Data block:
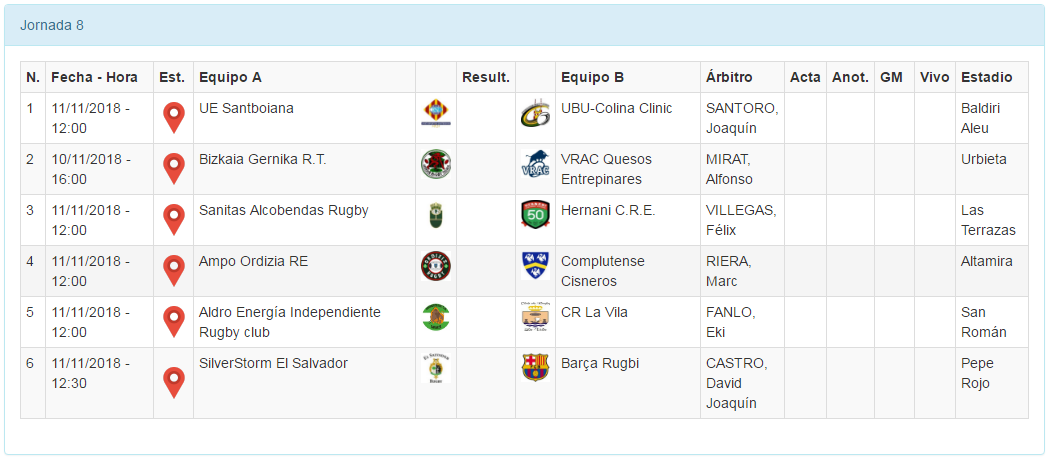Con la jornada 8 de la Liga Heineken, quedará cerrado el primer tercio de la competición, justo antes del parón de dos semanas, donde el XV del León jugará su primer partido de la ventana de otoño. SilverStorm El Salvador y Barça Rugbi quieren inaugurar en Pepe Rojo una buena racha tras sus tropiezos en la J7. Un Gernika R.T. reanimado recibe al VRAC Quesos Entrepinares en el único partido del sábado. Hernani C.R.E., de dulce tras clasificarse para la Copa, visita al líder, Sanitas Alcobendas Rugby. Además, AMPO Ordizia R.E. y C.R. Complutense Cisneros buscan aprovechar posibles tropiezos de sus superiores, y tenemos dos enfrentamientos en la parte media-baja; Aldro Energía Independiente R.C. contra C.R. La Vila, televisado por +TDP (canal online de Teledeporte) y U.E. Santboiana contra UBU-Colina Clinic Aparejadores.
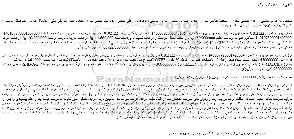 شماره پرونده اجرایی0102122 شعبه اول :احتراما درخصوص پرونده شماره 140007920001428064 به شماره بایگانی پرونده 0102122 به موجب درخواست اجرای حکم شماره دادنامه 140107390001607009 140107390001607009 محکوم علیه به پرداخت مبلغ 450/000/000 ریال از بابت اصل خواسته و از باب تسبیب به پرداخت مبلغ 14/680/000 ریال از بابت هزینه دادرسی و مبلغ 10/000/000 ریال از بابت هزینه کارشناسی و خسارت تاخیر تادیه از زمان مطالبه 1400/09/17 (تاریخ تقدیم دادخواست) لغایت اجرای حکم که بر مبنای نرخ تورم اعلامی از سوی بانک مرکزی در واحد اجرای احکام محاسبه خواهد شد در حق محکوم له، محکوم می باشد. ضمناً چنانچه محکوم علیه ظرف مدت 10 روز از تاریخ ابلاغ اجرائیه نسبت به اجرای حکم اقدام ننماید؛ مبلغ 22/500/000 ریال بابت نیم عشر دولتی
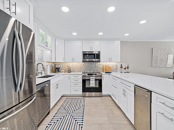 Rare opportunity to own a beautifully remodeled condo in the highly sought-after Perdido Quay community! Seller may be willing to buy down your interest rate! Perdido Quay 503 is a stunning Gulf front retreat nestled along the pristine shores of Orange Beach, Alabama. This luxurious non-rental condominium offers an unparalleled beachfront living experience, combining breathtaking views, welcoming amenities, enhanced privacy, and a prime location to create the ultimate coastal getaway. As you enter the unit, you are greeted by an elegant and spacious open-concept layout measuring 1,425 square feet, adorned with tasteful coastal décor and flooded with natural light. The floor-to-ceiling windows not only showcase the sweeping and unobstructed views of the Gulf of Mexico, but also create a seamless connection between the interior of the unit and the over-sized balcony. The condo features a high-end kitchen outfitted with stainless-steel appliances, quartz countertops, an ice maker, a herringbone tiled backsplash, white ceiling height cabinets, soft close cabinet doors and drawers, brushed nickel cabinet pulls, recessed lighting, and a bar with seating for four. The living area is designed for both relaxation and entertainment with comfortable seating arrangements, a large flat-screen TV, and unending views of the beach and The Gulf. The Gulf front master suite offers expansive views, direct balcony access, and a tiled walk-in shower with a sliding glass door. The condo also boasts views of Ole River from the guest bedroom, tile flooring throughout, a tiled walk-in shower in the guest bathroom, a large laundry room with a full-size washer/dryer, and a private storage closet on the ground floor. Perdido Quay residents and guests are able to enjoy an outdoor swimming pool, a large pool deck, a spacious covered pool patio equipped with tables and chairs, and a short boardwalk to the beach.
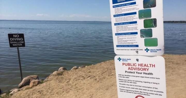 Alberta Health Services has advised visitors and residents not to swim or wade in areas where blue-green algae is visible, to avoid providing drinking water from the lake to pets or livestock, and to consider limiting human consumption of fish from the lake.

Activity: The required output is the listing above reproduced exactly, pictures removed.

Problem solution:
Con la jornada 8 de la Liga Heineken, quedará cerrado el primer tercio de la competición, justo antes del parón de dos semanas, donde el XV del León jugará su primer partido de la ventana de otoño. SilverStorm El Salvador y Barça Rugbi quieren inaugurar en Pepe Rojo una buena racha tras sus tropiezos en la J7. Un Gernika R.T. reanimado recibe al VRAC Quesos Entrepinares en el único partido del sábado. Hernani C.R.E., de dulce tras clasificarse para la Copa, visita al líder, Sanitas Alcobendas Rugby. Además, AMPO Ordizia R.E. y C.R. Complutense Cisneros buscan aprovechar posibles tropiezos de sus superiores, y tenemos dos enfrentamientos en la parte media-baja; Aldro Energía Independiente R.C. contra C.R. La Vila, televisado por +TDP (canal online de Teledeporte) y U.E. Santboiana contra UBU-Colina Clinic Aparejadores.
 شماره پرونده اجرایی0102122 شعبه اول :احتراما درخصوص پرونده شماره 140007920001428064 به شماره بایگانی پرونده 0102122 به موجب درخواست اجرای حکم شماره دادنامه 140107390001607009 140107390001607009 محکوم علیه به پرداخت مبلغ 450/000/000 ریال از بابت اصل خواسته و از باب تسبیب به پرداخت مبلغ 14/680/000 ریال از بابت هزینه دادرسی و مبلغ 10/000/000 ریال از بابت هزینه کارشناسی و خسارت تاخیر تادیه از زمان مطالبه 1400/09/17 (تاریخ تقدیم دادخواست) لغایت اجرای حکم که بر مبنای نرخ تورم اعلامی از سوی بانک مرکزی در واحد اجرای احکام محاسبه خواهد شد در حق محکوم له، محکوم می باشد. ضمناً چنانچه محکوم علیه ظرف مدت 10 روز از تاریخ ابلاغ اجرائیه نسبت به اجرای حکم اقدام ننماید؛ مبلغ 22/500/000 ریال بابت نیم عشر دولتی
 Rare opportunity to own a beautifully remodeled condo in the highly sought-after Perdido Quay community! Seller may be willing to buy down your interest rate! Perdido Quay 503 is a stunning Gulf front retreat nestled along the pristine shores of Orange Beach, Alabama. This luxurious non-rental condominium offers an unparalleled beachfront living experience, combining breathtaking views, welcoming amenities, enhanced privacy, and a prime location to create the ultimate coastal getaway. As you enter the unit, you are greeted by an elegant and spacious open-concept layout measuring 1,425 square feet, adorned with tasteful coastal décor and flooded with natural light. The floor-to-ceiling windows not only showcase the sweeping and unobstructed views of the Gulf of Mexico, but also create a seamless connection between the interior of the unit and the over-sized balcony. The condo features a high-end kitchen outfitted with stainless-steel appliances, quartz countertops, an ice maker, a herringbone tiled backsplash, white ceiling height cabinets, soft close cabinet doors and drawers, brushed nickel cabinet pulls, recessed lighting, and a bar with seating for four. The living area is designed for both relaxation and entertainment with comfortable seating arrangements, a large flat-screen TV, and unending views of the beach and The Gulf. The Gulf front master suite offers expansive views, direct balcony access, and a tiled walk-in shower with a sliding glass door. The condo also boasts views of Ole River from the guest bedroom, tile flooring throughout, a tiled walk-in shower in the guest bathroom, a large laundry room with a full-size washer/dryer, and a private storage closet on the ground floor. Perdido Quay residents and guests are able to enjoy an outdoor swimming pool, a large pool deck, a spacious covered pool patio equipped with tables and chairs, and a short boardwalk to the beach.
 Alberta Health Services has advised visitors and residents not to swim or wade in areas where blue-green algae is visible, to avoid providing drinking water from the lake to pets or livestock, and to consider limiting human consumption of fish from the lake.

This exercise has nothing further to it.